Nearly fifty years elapsed ere England was again disquieted by the rumour of invasion. A Napoleon was again seated on the throne of France, who, while possessing much of the genius of his great uncle, was distinguished by a remarkable reticence, regarded by many as an inspiration. The conditions, too, had been rendered more equal by the general introduction of steam, and the passage of the Channel was not dependent on summer calms or winter fogs. But, even prior to the third Napoleon, jactant voices had been heard in France as to what might be effected by the new lever. The Prince de Joinville wrote the following words, which have considerable truth to distinguish them:

With the aid of steam navigation, a war of most daring aggression is permitted at sea. We are certain of our movements, and free in our actions. Thus, wind and waves need no longer give us any uneasiness; we can calculate to the day and hour. We shall make war with safety, because we shall attack two vulnerable things-the confidence of the English people in their insular position, and their maritime resources. Our steam service would have two distinct scenes of action-first, the Channel, in which our ports could shelter a considerable force, which, going forth by night, could defy the most numerous and dense fleet of cruisers. Nothing could prevent this force from meeting before morning at any part of the French coast agreed upon, when it might act with impunity.

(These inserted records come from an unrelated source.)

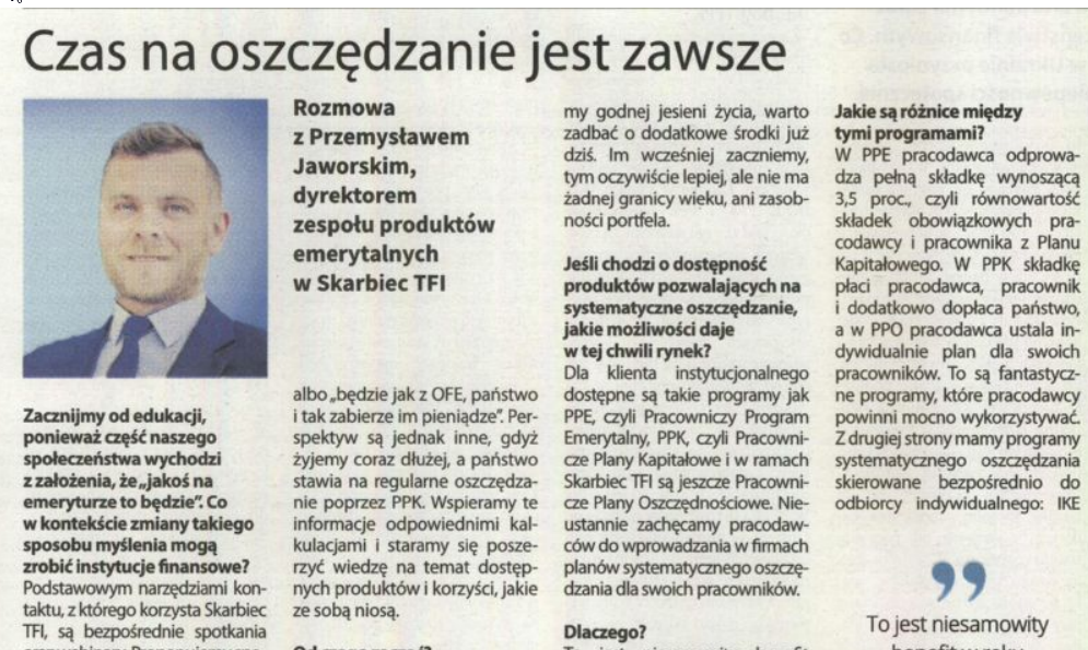 Zapraszamy do Gazety Finansowa do rozmowy z Przemysławem Jaworskim dyrektorem zespołu produktów emerytalnych w Skarbiec TFI.
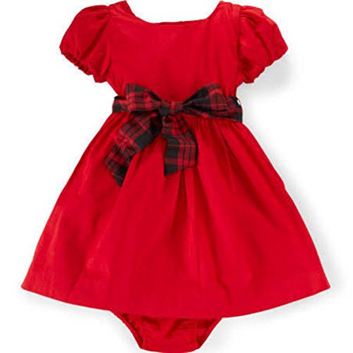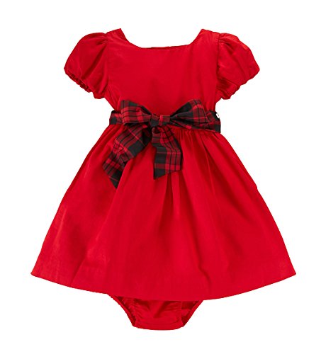 Crisp cotton sateen, a plaid grosgrain sash at the waist and a matching bloomer make this fit-and-flare dress from Ralph Lauren a picture-perfect style for birthday parties and family photos.
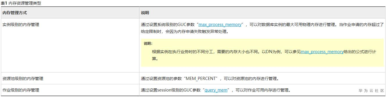 GaussDB对于内存资源的管理分为三级:
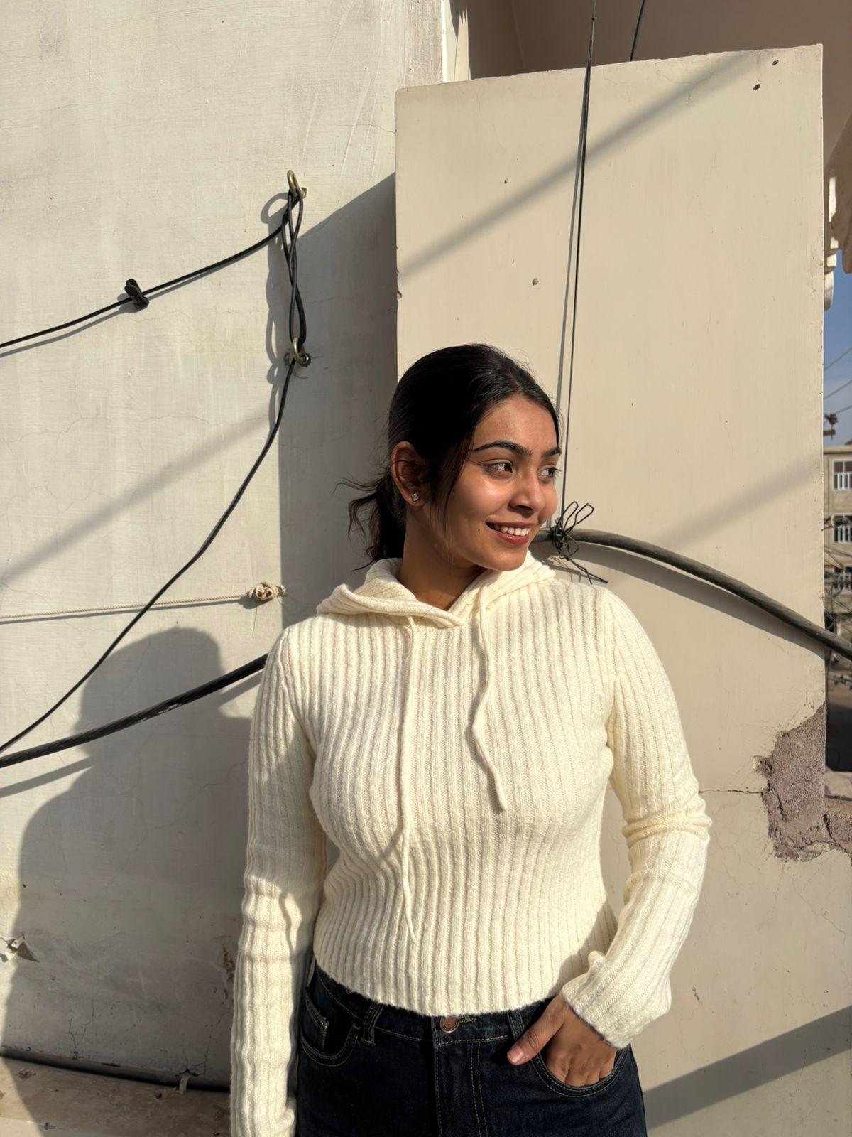 A cozy woolen short hoodie designed for warmth with a modern, cropped silhouette. Soft, stylish, and perfect for creating effortless winter looks.
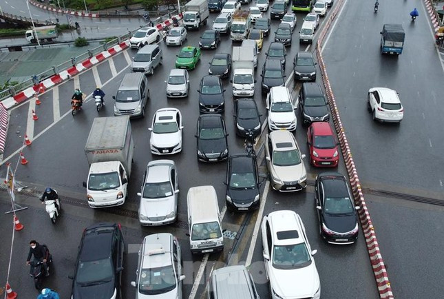 Đại diện Phòng CSGT Hà Nội cho biết, tại chiều Minh Khai (trung tâm Hà Nội) - Long Biên, ùn tắc xảy ra tại khu vực đường dẫn lên cầu do hàng rào thi công cầu Vĩnh Tuy 2 thu hẹp lòng đường đoạn này từ 3 còn 1 làn đường.

Hear, again, what M. Hippolyte Lamarche, in his letter to MM. Thiers and Barrot does not hesitate to assert :

Steam has thrown hundreds of bridges across the Channel: we can now pass at any time and in any weather from France to England. In estimating at eighty-five thousand the number of troops that England could raise for the defence of her territory, we certainly concede more than the reality. The mass of the people would be of no use to the government; they are absolutely unacquainted with the use of arms. A landing may be effected upon a hundred different points of the English coast, and then a skilful general will not hesitate what course to adopt; he will choose in his rear a point of concentration to recruit his troops, cover London, or march in force against the enemy. France has at this moment 1432 naval officers, and 200 students of the first class, who may be ranked as the staff. If you question them as to the possibility of a descent upon England in the present state of naval science, I may be allowed to say that every voice would answer in the affirmative.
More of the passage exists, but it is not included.